Надпись
Шрифт:
Он жаловался, возмущался, вымаливал себе прощение в том, в чем не был виноват. Мегамашина была не жестокой, а бездушной. Механически вычеркнула его из нескольких списков, лишила дачи, пайка, личной машины, "кремлевского телефона", места в газете, должности в Комитете защиты мира. Его имя стерли в картотеке номенклатуры. Его изображение убрали из памяти. Как на золоченой разноцветной мозаике в метро "Комсомольская", с которой, по мере партийных переворотов и заговоров, убирали по очереди Сталина, Берия, Маленкова, Кагановича, Молотова, Хрущева, пока трибуна не опустела и не пришлось переделывать мозаику.
– Они
Он пророчествовал, грозил, злорадствовал. Видел недоступную Коробейникову картину разрушения государства, которое лишилось приверженцев, оскорбило преданных слуг, поплатилось крушением.
– Но они ошибаются! Они хотели меня раздавить, но я еще жив! Я воскресну! Я ценен сам по себе! Мои знания, талант, мой опыт дороже любых номенклатурных пайков и связей! Я сделаю это паршивое издательство лучшим издательством страны! Привлеку самых талантливых авторов! Ко мне придут самые блестящие современные художники! Выйду на мои заграничные связи, и нас станут читать в Европе! Это будет взлет культуры, интеллектуальной смелости, эстетической новизны! Они еще увидят, на что я способен!..
Он воспылал дерзновенной мечтой. Стал прежним Стремжинским с глазами разъяренного быка, упрямого, яростного и бесстрашного. Но потом обмяк, сник, словно из него выпустили воздух.

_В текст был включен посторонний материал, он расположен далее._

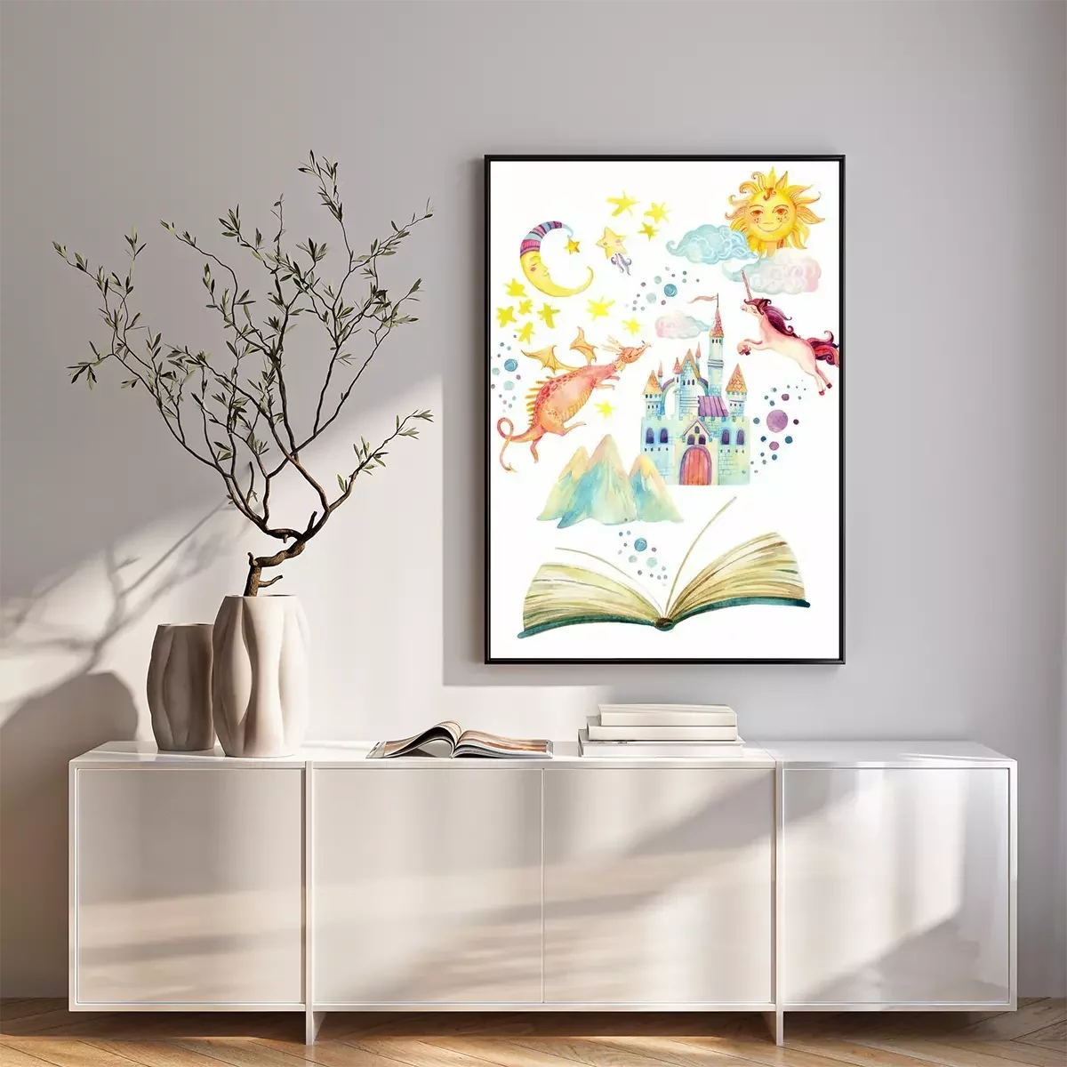 Poster: Een opengeslagen boek en sprookjesfiguren die eruit tevoorschijn komen
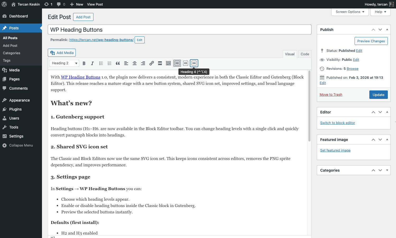 WP Heading Buttons adds quick heading buttons (H1-H6) to both Classic Editor (TinyMCE) and Block Editor toolbars.
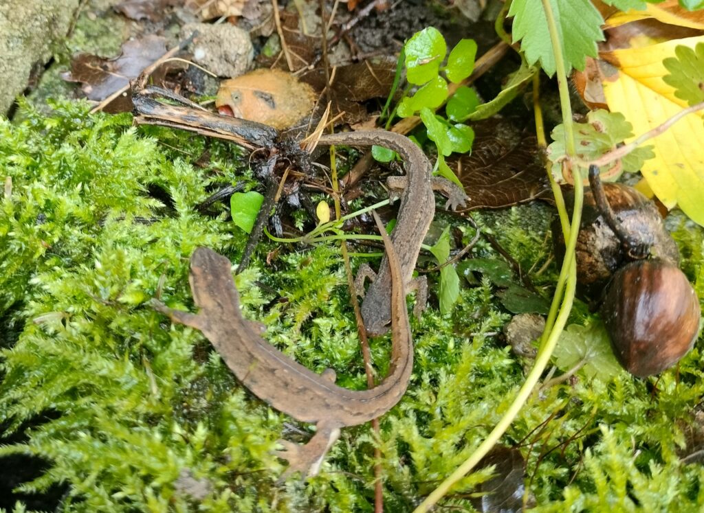 Onderweg vinden we zeer weinig, hier en daar een slak, zelfs de spinnenwebben zijn verwaaid of weggeregend. Een grote parasolzwam staat verstopt onder de struiken. Er is van gegeten. De kinderen denken dat een slak de dader is. We staan even stil bij een takkenhoop met stekelige braamtakken. Daar kunnen wel beestjes tussen zitten, misschien zelfs een egel. De stekels aan de takken houden ons tegen om verder te zoeken. In de beek zwemmen eenden met groene koppen en een krul in de staart. Dat zijn de mannetjes. Verderop zien we ook een bruine eend, het vrouwtje.
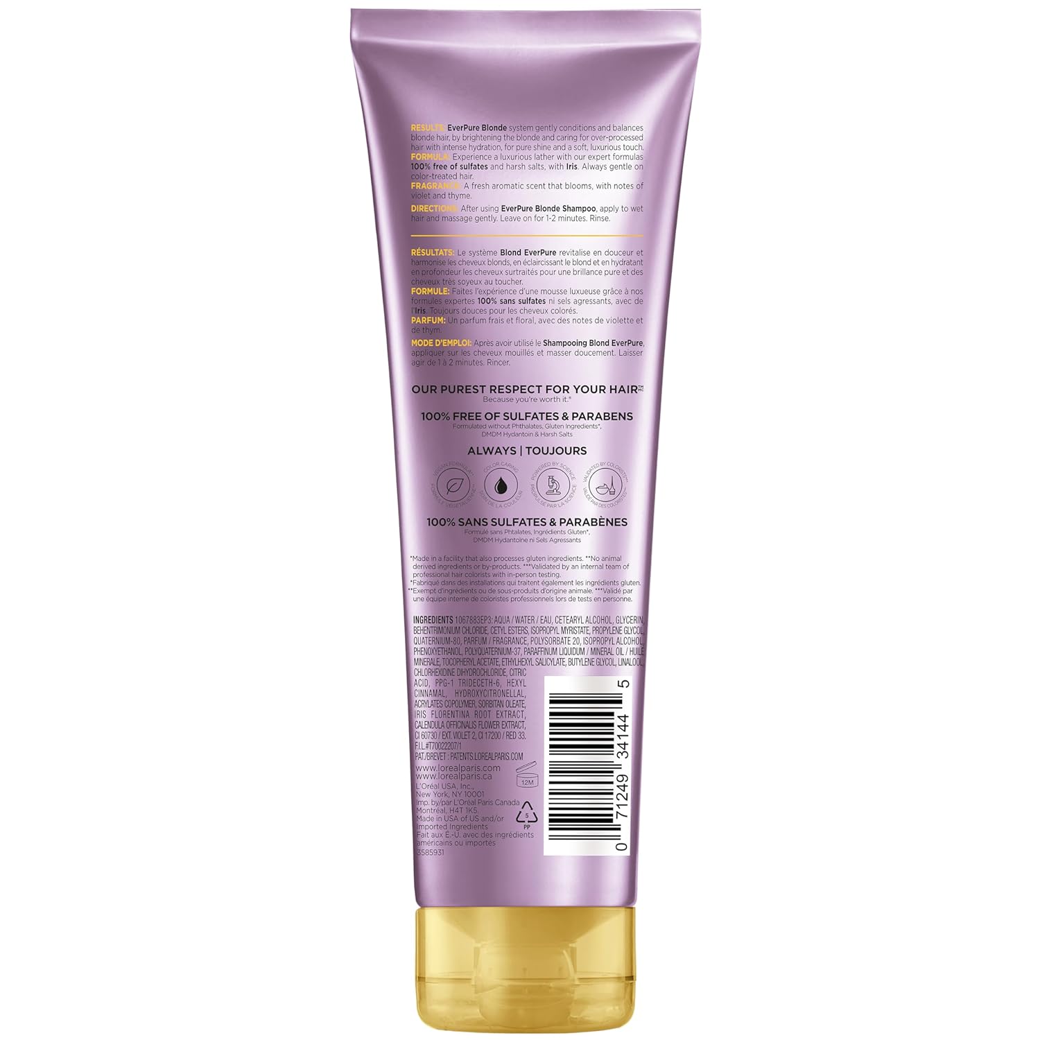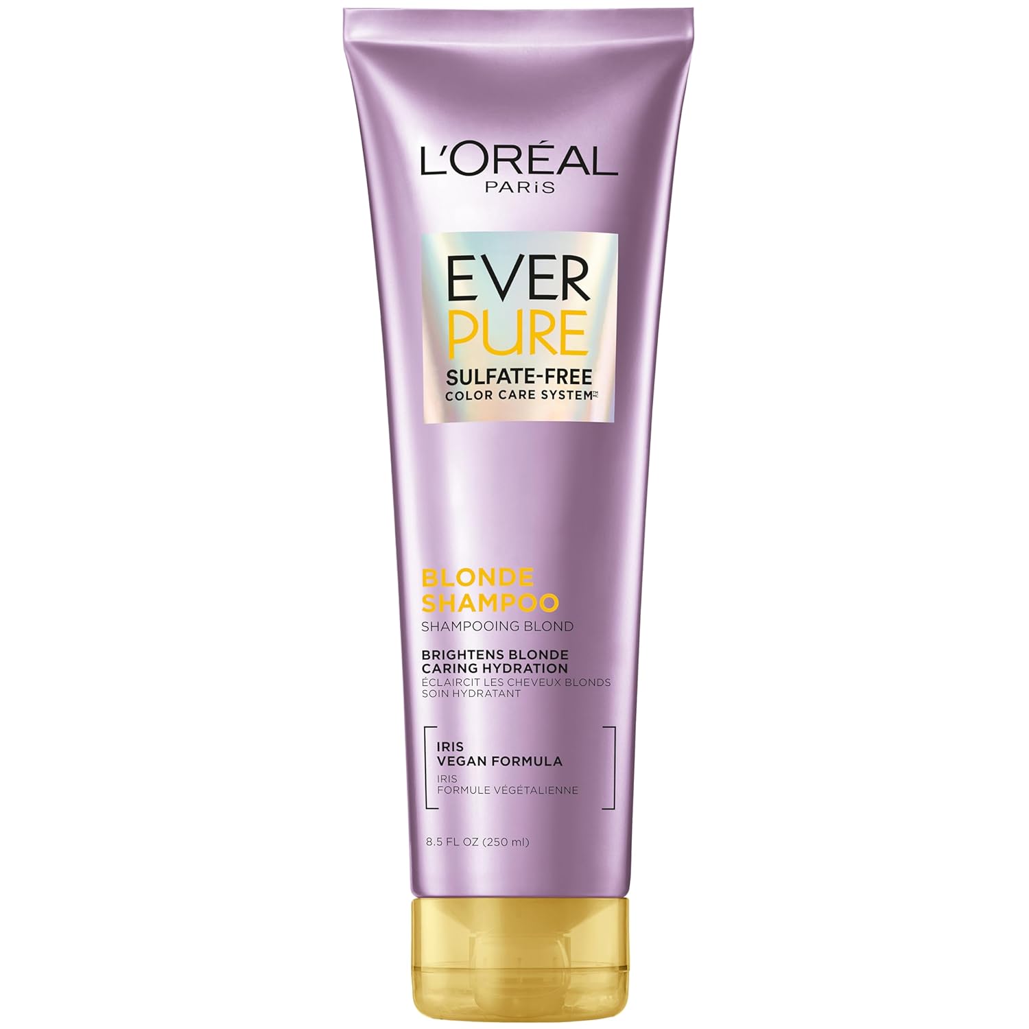 - BrandL’Oréal ParisItem FormLiquidHair TypeAllScentEverPure Color Care BlondeAge Range (Description)AdultMaterial Type FreeSulphate\tFreeProduct BenefitsHydrating,Softening,Shine,Anti FadeLiquid Volume8.5 Fluid OuncesRecommended Uses For ProductHydrating,Color ProtectionNumber of Items250

– Не могу… Сломали хребет… Я собака с перебитым хребтом… Кто же нас всех предает? За что нам такое?..
Сидел, сутулясь, в своей жалкой каморке, былой властелин, громовержец, у которого вырвали пылающий трезубец молний, вставили в кулак пучок соломы. По блеклому, постаревшему лицу катились слезы.
Коробейников, мучаясь, сострадая, поднялся. Вышел из комнаты.
55
Вернулся домой и был встречен огорченной, встревоженной Валентиной, которая с порога протянула ему листок бумаги:
– Приходил военный, в форме. Заставил меня расписаться. Может, я не должна была это делать? Но я так растерялась…
Листок бумаги был повесткой, приглашавшей его, Коробейникова, явиться назавтра, в десять утра, в Комитет государственной безопасности, на Лубянку, в кабинет 507, к подполковнику Миронову А. Г. Штамп КГБ подтверждал достоверность повестки.
Эта блеклая, невыразительная бумажка вдруг повергла Коробейникова в оторопь. Словно в сознании открылись невидимые прежде скважины, и сквозь них хлынул страх. Страх был мерзкий, парализующий, немотивированный. Его усиливало бледное, беззащитное лицо жены,
смех играющих в комнате детей. С этой повесткой в их дом проникла слепая, всесильная, беспощадная власть, угрожая хрупкому, беспомощному укладу.– Ничего страшного, – произнес он, стараясь собой овладеть. – Думаю, что речь не идет о государственном перевороте.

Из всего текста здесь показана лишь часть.